- Theatrical release poster
- Directed by: Michael Cuesta
- Written by: Peter Landesman
- Based on: Kill the Messenger by Nick Schou Dark Alliance by Gary Webb
- Produced by: Pamela Abdy; Naomi Despres; Jeremy Renner; Scott Stuber;
- Starring: Jeremy Renner; Rosemarie DeWitt; Ray Liotta; Tim Blake Nelson; Barry Pepper; Oliver Platt; Michael Sheen; Michael K. Williams; Mary Elizabeth Winstead; Andy García;
- Cinematography: Sean Bobbitt
- Edited by: Brian A. Kates
- Music by: Nathan Johnson
- Production companies: Bluegrass Films; The Combine;
- Distributed by: Focus Features
- Release date: October 10, 2014;
- Running time: 112 minutes
- Country: United States
- Language: English
- Budget: $5 million
- Box office: $6.7 million

= Kill the Messenger (2014 film) =

2014 American biographical film

Kill the Messenger is a 2014 American biographical crime thriller film directed by Michael Cuesta and written by Peter Landesman. It is based on the book of the same name by Nick Schou and the book Dark Alliance by Gary Webb. The film stars Jeremy Renner, who also produced the film. The film was released on October 10, 2014, and depicts a reporter's suppressed attempts to cover the CIA involvement and secret support of large scale cocaine sales to fund the Nicaraguan Contras.

==Plot==
In 1996, San Jose Mercury News reporter Gary Webb interviews drug dealer Ronny Quail, who is outraged that the government used civil asset forfeiture to keep his house even after he was acquitted. Webb's ensuing article about the abuses of forfeiture garners repeated phone calls from a woman named Coral, whom he agrees to meet when she says she has documents that prove the government sponsored cocaine sales in the U.S. Coral gives Webb a transcript of grand jury testimony (normally kept secret) which was accidentally released to her boyfriend, an accused drug dealer, during discovery. After Webb reveals to the prosecutor in the case that he has the transcript, the government drops the charges against Coral's boyfriend in order to protect their main witness: Oscar Danilo Blandón.

After Webb researches Blandón and comes across the pending case of "Freeway" Rick Ross, he is stunned to learn that Blandón is a paid informant. Armed with this knowledge, Ross' attorney elicits from Blandón his sworn testimony outlining the CIA's alleged involvement in Contra cocaine trafficking—that the CIA actively supported Blandón and his partners’ smuggling of cocaine into the U.S. and used the profits to benefit the Nicaraguan Contras.

Webb travels to a prison in Managua and speaks to Blandón's partner, Norwin Meneses, who confirms Oliver North's involvement in the basic "drugs for guns" scheme to use profits from cocaine trafficking to fund the Contras. In Washington, D.C., Webb tracks down Fred Weil, a National Security Council employee who was an investigator on the Kerry Committee report, which touched on the same issues. Like many other people that Webb speaks to, Weil warns him that the subject may put him in danger. For good measure, federal agents summon Webb to a meeting where they warn him against publishing what he has learned.
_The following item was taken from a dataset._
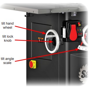 • Tighten the tilt locking knob to lock the blade at the selected angle.

The paper publishes Webb's story as a three-part series with the title "Dark Alliance"; it is an immediate sensation. Humiliated by being scooped by a regional paper, the Los Angeles Times, Washington Post, and The New York Times all dig into Webb's reporting. Webb views their follow-up reporting as being far too deferential to the CIA. Eventually, their reporting turns to Webb himself, including an affair he had while working at The Plain Dealer.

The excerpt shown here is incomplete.